The Ocean Course is the one people in Ohio play in their heads in February, recalling the salty breeze, sun, palm trees and peace.

Sea Pines Resort's Ocean Course: Holes of note

No. 5 gives you a false sense of security off the tee for the par 4, but once you get a look at what's ahead of your second shot, life isn't so simple any more.

Going for the green from the left side means clearing water, then avoiding a cluster of bunkers next to the offset green. It's a hole to admire, regardless of how much swing experience it took to get there.

On the ninth, all of the fun is in the approach, which requires staying out of a bunker cluster across the fairway, starting at about 155 yards out to about 90 yards. Then it's up to an elevated green well guarded by bunkers and a mini-beach left, complete with palm trees. Go too far, and you're in the drink.

The 10th hole has a similar cross-fairway bunker assortment but after a tee shot over water. It's a sharp dogleg right with a backstop of bunkers if your drive is too long.

The par-4 13th has water across the front of the green but has a long, dry way around. The green is elevated, so if too long, you'll have a sharp pitch shot to get back in the game.

The 14th is a par-5 dogleg left with lots of bunkers to snare errant drives. The fairway itself goes on a crash diet, shrinking down to near nothingness near the bunker-surrounded green. Word to the wise, though, don't bet on the hole with John Cook Jr. He set a world record for carding two double eagles on the hole on the same day in 1990.
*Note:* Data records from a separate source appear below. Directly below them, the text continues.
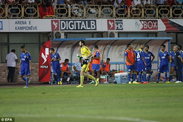 | Ở hiệp 2 trong trận đấu giữa chủ nhà Kukesi và Legia Warsaw, tiền vệ Ondrej Duda của đội khách phải nhận tới sự chăm sóc của các nhân viên y tế sau khi bị cổ động viên (CĐV) bên phía đội Kukesi ném đá vào đầu. |
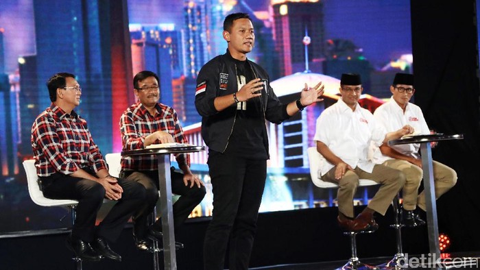 Pasangan calon gubernur dan wakil gubernur nomor urut 1 mendapat giliran pertama. Agus Yudhoyono didampingi Sylviana Murni pun berdiri.
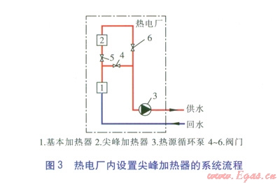 熱電廠內(nèi)設(shè)置尖峰加熱器(系統(tǒng)流程見圖3)。由圖3可知,當(dāng)供暖期處于初末寒期時(shí),閥門4開啟,閥門5、6關(guān)閉,尖峰加熱器不投入運(yùn)行。當(dāng)進(jìn)入嚴(yán)寒期時(shí),閥門4關(guān)閉,閥門5、6開啟,尖峰加熱器投入運(yùn)行。雖然采用尖峰加熱器作為峰荷熱源的造價(jià)較低且易于實(shí)現(xiàn),但尖峰加熱器需較高參數(shù)的蒸汽,對發(fā)電量有一定影響。對于這種設(shè)置方式,峰荷熱源的投資、運(yùn)營方均為熱電廠。

Then it's onto the course's namesake, the 15th par 3 that rubs right up against the ocean. Yes, there will be wind on this hole, thus the bunkers short right. Aim left. After holing out, admire the view. Few people can gaze at the ocean from a green.

Back to the course, a nice trio of holes brings you home. Sixteen is a dogleg right, with tees far above the fairway, a pond below and bunkers straight ahead. Mind the distance.

Holes 17 and 18 follow a lagoon, making water a steady fear with an added dose near the green on 17, with water on both sides. Strangely, the direct approach is from the right side over water, then up the entryway to the green.

The final hole adds 17 more bunkers on both sides of the fairway and a very thin landing area for your approach. It's a nice finishing par 5 for a very pleasant day on the course.

The Ocean Course at Sea Pines Resort: The verdict

Clark Andrews, a 15-handicapper from Hilton Head, was hard pressed to pick a favorite hole. "It depends on the day. Usually 18 - but not today."

He likes the pace of the course. "It has plenty of hazards, but they are easy to avoid. It's a shot-making course."

The golf course was freshened up by Mark McCumber in 1995, leaving it neither too hard nor too easy.

It's an extremely pleasant, visually pleasing course that you could really tear up on a good day. On a bad day, you'll deposit many balls into the drink, because it's definitely a water course.

The Ocean Course reeks of its location on the beach, so if you want to shake off the cold North, this is definitely the place.